If you're in a hurry I'd suggest a Schecter Omen-E, they make awesome budget-oriented gear.


----------



## GenghisCoyne (Jul 20, 2014)

used spector rebop, lakland, or ibanez btb. ive owned all 3, IMO the spector is most comfortable to play, the lakland had a "nice" sound and the ibanez sounded modern. For around 600 id re-buy the spector and put nice pickups in it.


----------



## pedalcollector371 (Jul 22, 2014)

I'm gonna have to check some of those out! Thanks for the replies everyone!


----------



## RGM8 (Jul 29, 2014)

Ibanez BTB will blow you away, great basses I can tune to drop G# reasonably comfortably with a .130 B string, which come stock.


----------



## TheEmptyCell (Jul 29, 2014)

pedalcollector371 said:


> Like....$600 would be pushing it a little for me lol. I tune to drop G, so I need the extra length for the lower tuning. Sound-wise? *I play anything from Staind to Korn*, as kind of a ballpark



Those are basically the same, sorry. 

For Korn tone, you need lots of clatter and clang from loose, detuned steel strings being slapped hard. So if you want that "tone", stick with 34" scale, and fairly light strings for your tuning.

If you want _actual_ tone, go for anything the above posters mentioned. Personally, I don't find most 35" scale basses to be comfortable, cuz the builders tack that extra inch on without making up for it in the ergonomics of the body. 

Any basses under $600 are almost all made of the same varieties of wood... maple necks, rosewood fingerboards, alder, ash, or mahogany bodies. So pickups and electronics are more important to differentiate tone in this price range.

Shop used and play everything you can get your hands on. Try to find a Peavey G Bass or Cirrus. Peavey's are criminally underrated, so you could find an actual US made Cirrus for cheap cheap cheap.


----------



## HeHasTheJazzHands (Jul 29, 2014)

I'd imagine some Spectors, MTDs, Schecters, and Laklands would fit the bill.
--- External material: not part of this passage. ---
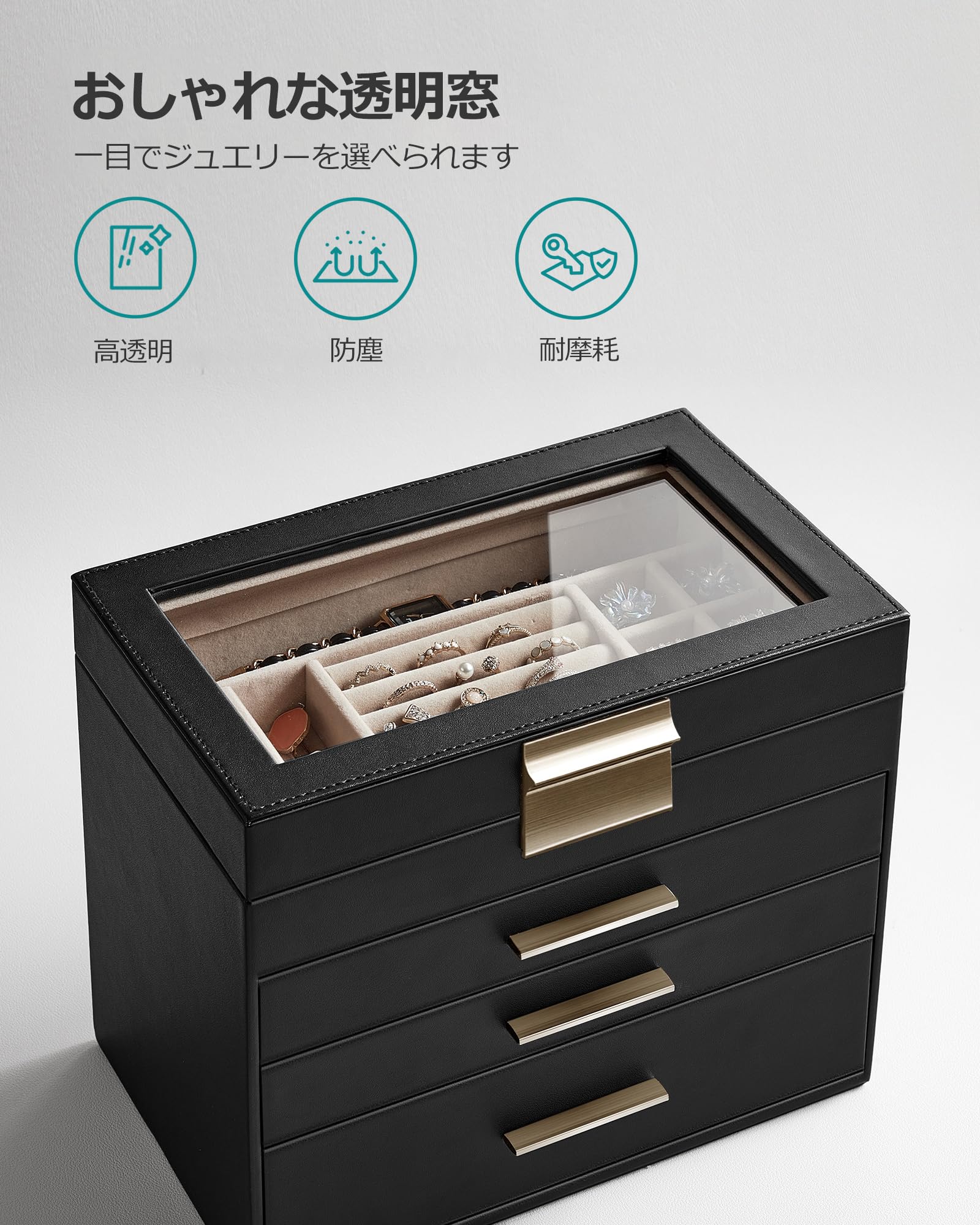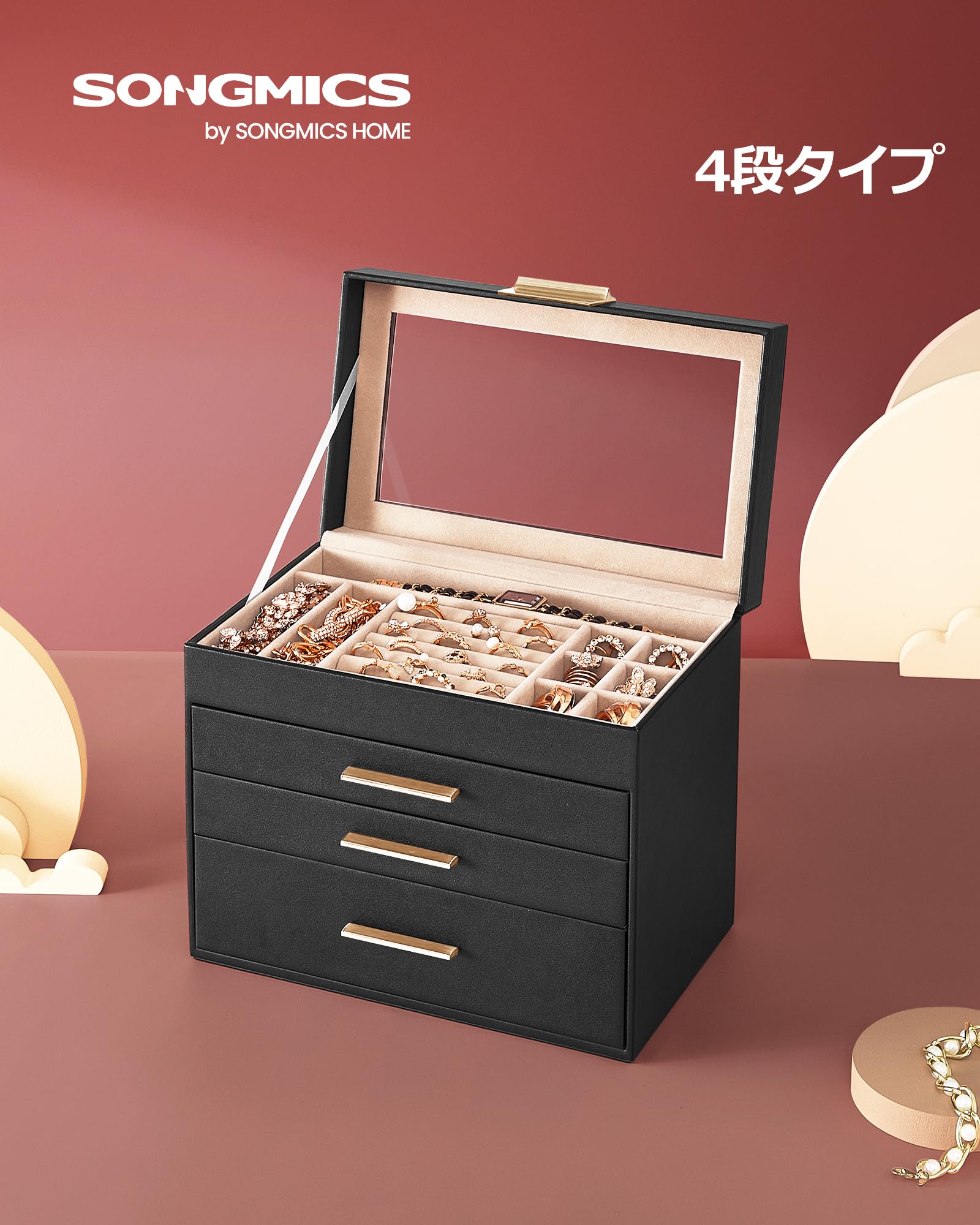 【在庫処分】SONGMICS ジュエリーボックス 大容量 アクセサリーケース 4段式 引き出し 指輪、ブレスレット収納宝石箱 ガラス蓋 母の日ギフト ブラック JBC161B02

They'd all be similar quality, but it depends what style, sound, and feel you'd prefer.


----------



## Grand Moff Tim (Jul 29, 2014)

I think F Bass five strings are 35", and they seem pretty sweet. You could take your $500 and spend it on bank robbery equipment so you can rob a bank and have enough money for one.


----------



## TemjinStrife (Jul 29, 2014)

Grand Moff Tim said:


> I think F Bass five strings are 35", and they seem pretty sweet. You could take your $500 and spend it on bank robbery equipment so you can rob a bank and have enough money for one.



34.5" actually, and around six to eight times the OP's budget 

I'd strongly recommend a used Schecter Stiletto Studio 5 in that price range. It's what I would play if I lost all my basses and didn't have the money to replace them.


----------



## DJTanZen (Jul 30, 2014)

ixlramp said:


> Ibanez BTB neck through, perfect tone monster for low tunings, i have owned 2 6 string BTBs, amazing basses for the money.



It is really good. i just got one, i plan on putting pics up soon. but that 35in neck was exactly what i needed to play in drop a


----------



## cGoEcYk (Jul 31, 2014)

I have been using a 35" Peavey Cirrus USA for the last 10 years. I really dig this bass and can't say enough about the overall quality. It's the only bass I've owned for the last 10 years. I havent had GAS or the need for any others. They seem to be going up in price on the used market though... probably $800-1100. Even at that price they are a great value though, easily on the level of basses that cost a lot more.


----------



## crg123 (Jul 31, 2014)

MTD or BTB. I have the BTB Premium model 1406e and love it to death. I tune to Drop G# but I like tension and intonation so I use a circle k/ kalium .158 for that. The lower end BTB's are quite nice too. You can find them cheap all the time in the guitar center used section. Same with warwicks. If you can expand your budget then I would get the STREAMER $$ that's for sale on there in Fayetteville, North Carolina. That thing looks sick.


----------



## punisher911 (Aug 5, 2014)

Ibby BTB if you don't mind the wide string spacing or like to slap. For narrower strings, the Schect Stiletto Studios are nice but unbalanced with the small bodies for me. I had an ESP spalted BM206 that was amazing as well, so I imagine the 205 version would be similar.


----------



## Metalman X (Aug 11, 2014)

I was in a similar situation awhile back... needed/wanted a 35" scale bass, but was on a budget. Happened across an older, but mint condition, Traben Element at a local Sam Ash. Walked out with it and a frsh set of DR's for like $300.

Since than I've added a Chaos Core 5, and as of last week, a Phoenix 4 string. These are great basses, with nice necks, and surprisingly decent stock electronics, and they can be found allover the net for under $400 for bolt ons, and the set necks don't often go for much more.

They also seem to all be readily able to produce solid aggressive tone since most all of them have a Music Man style humbucker in the bridge, at least. And those high-mass bridges do seem to make an audible difference in sustain too. 

Wire the humbucker in series instead of parallel (or put in on a switch if you like0, as most MM 'buckers often come wired stock... get alot of loud, growl and thicker mids that way. I did this with a Duncan SMB-4C in my Element and that thing is completely in yo' face! i'm about to put an EMG MM-TW / 35CS combo in my new Phoenix, so i'm expecting some great things from that too.

TL/DR: Don't discount Traben basses... there pretty badass (although I heard some of the later models the QC dropped, but the 3 I own are all bitchin' prime examples of a nice, solid, aggressive bass, especially for the $$$ )


----------



## pedalcollector371 (Aug 17, 2014)

TheEmptyCell said:


> Those are basically the same, sorry.



Well, I can't really argue there haha! By saying Staind, I meant their light stuff like it's been awhile and outside and stuff.

Damn... You guys have given me some homework to do on all the different models that you guys have recommended! Thank you so much for all the help 

And one more question (which I know will probably start a huge debate lol): as far as keeping the low end tight and good tone, do you guys recommend a bolt on neck or a neck through? The bolt ons are cheaper, but I've always heard neck through is better for tone.


----------



## pedalcollector371 (Aug 18, 2014)

I think I may be in love with the BTB. I played a 6 string at a local music store and it was beautiful. Also got my hands on on of those ESP BM206's, which are also ....in awesome


----------